I almost cried. I knelt down so I could see her more closely and she just looked at me and smiled. I told her thank you and that she made me very happy.   
     I’ve worked in middle school for a really long time. Middle schoolers may like you, but they don’t always  act like they do. They may  tell you later, when they are older, but not so much while they are in middle school. 

     I don’t know why my new principal chose me.  I don’t know what the future holds for this job. (I don’t like change – so I intend to stay here until I retire! Moving is too hard!) Leaving my friends and family at Westwood was one of the hardest things I’ve ever done – definitely the hardest decision in my professional life.  I thought of the verse in Esther that says “Yet who knows whether you have come to the kingdom for such a time as this?”  I’m not saying I’m as important as Queen Esther. I’m not here to save an entire group of people.  But I’m firmly convinced that God had a plan for me all along.  I’m here at this place and this point for something.  Maybe this sweet little girl is one of the reasons.  I can’t wait to see what happens next!   

Friday, July 29, 2016

For Good. . .

On Monday, (first day at my new school) I'm walking back from lunch and a wifi run and this young man who is working stops me and says "What is your last name?" I told him - he said, "didn't you used to work at Inwood or Westwood - one of those 'wood schools?" I said yes, that I worked at Westwood. Yesterday, he passed me while I'm walking with my sister and says "Hi Ms.Jimmerson." My sister just rolls her eyes and says "Really? You know him?" (It always amazes her when my former students show up far away from Westwood. In Winter Haven, it makes sense, but not in Davenport.)
Today, I'm digging around in my storage space looking for some office supplies and a young man comes around the corner looking for one of the carts they supply to move stuff. I tell him he can have the one I'm using because at the moment, I'm not really using it. He comes to get it and says "I can't remember when or where but you were my teacher." We went over the time and place, he was so, so nice. (As a plus, he told me I don't look any different now than then so SCORE!)
I've been sorting, cleaning, digging through a lot of my teacher stuff this summer. I keep finding things that I inherited when my friend retired. Ii have borders and a dolly from Mrs. Smith, lots of books and other good stuff from my friends Mrs. Grant and Mrs. Turner. I find books that I used with Mrs. Barry, when we taught the same subject, things that I shared with lots of other teachers.
Looking through and packing up my library stuff, I find things that my friend Mrs. Sharon found to make my media center pretty. I found beautiful letters that my friend Mrs. Kathy decorated, my wooden letters that my sweet church babies decorated for me. I see lists and things that I made to organize that huge media center space at Westwood and I remember all the people who came and helped me move and rearrange and clean.
     
     I keep finding things, but those things remind me that the most  important things are not THINGS.  Mostly, I'm amazed by the time and energy that other people have poured into my life.   When I think of my 22 years at Westwood, this sums it up:
So, let me say before we part:
So much of me
Is made of what I learned from you.
You'll be with me
Like a handprint on my heart.
And now whatever way our stories end
I know you have rewritten mine


If I could write or sing a song about how I feel, this would be it:


Sunday, July 24, 2016

Tomorrow A New Adventure Begins. . .

Two years ago, I started a new chapter in my life when I moved from my classroom to the media center. In some ways, my life didn’t change that much, in some ways it changed drastically. Tomorrow, it’s not just a new chapter, it’s a brand new book – a new story, if you will.

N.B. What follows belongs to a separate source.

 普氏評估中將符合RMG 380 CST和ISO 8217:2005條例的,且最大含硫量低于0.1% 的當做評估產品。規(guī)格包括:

I’ve started school at Westwood Middle School for 22 years. For 22 years, I’ve had nervous dreams the night before school started. School doesn’t start tomorrow, but I’m going back to work tomorrow. But, for the first time in 22 years, I’m not going to Westwood Middle. I don’t have any school keys for the first time in years. I’ve been working on stuff all summer, and emptying my old media center, speaking to book vendors, processing new books for my new media center. Tomorrow it’s all different.

Tomorrow, I step foot into a brand new media center that no one has ever had before. Any and all book placements are me. Any book processing specifications are me. If it looks a mess, it’s me. If it doesn’t flow properly and transition nicely, it’s me. It’s exciting.

I’m terrified. Absolutely, positively terrified.

I don’t know one single soul. I have no best buddies waiting for me. I’ve emailed my new secretary, but I have no idea what she even looks like. I’ve met my principal and assistant principals, but only in an interview. I’m afraid I’m going to mess up. I’m afraid my new principal is going to change her mind and think “Why on earth did I choose this person? What was I thinking?” I’m afraid I’m going to do things that don’t make sense. I’m afraid I don’t know enough. I’m afraid I’m not good enough. I’m afraid I’m not enough.

But, then I keep thinking about the strange way this whole job thing worked out. I wasn’t even looking for a new job. I didn’t sweat much in my interview because I was content where I was. I really thought that God was just going to use this interview to confirm that I was where I was supposed to be! But apparently, He had other plans for me – and I can only trust that this is the right thing.

So, I may shelve books wrong – and I may end up moving books around in October. If it doesn’t flow nicely, I’ll rearrange. My books may not end up processed all the same, but they’ll all be similar. I may have chaos and confusion for a few days (or weeks!). I may not know enough. But I’m enough, because I firmly believe that I’m right where I’m supposed to be. So tomorrow, when I step foot in that brand new media center, I won’t be alone. I’ll be OK. There are WAY too many people who love me and who have prayed for me and have poured into me for me to completely screw this up!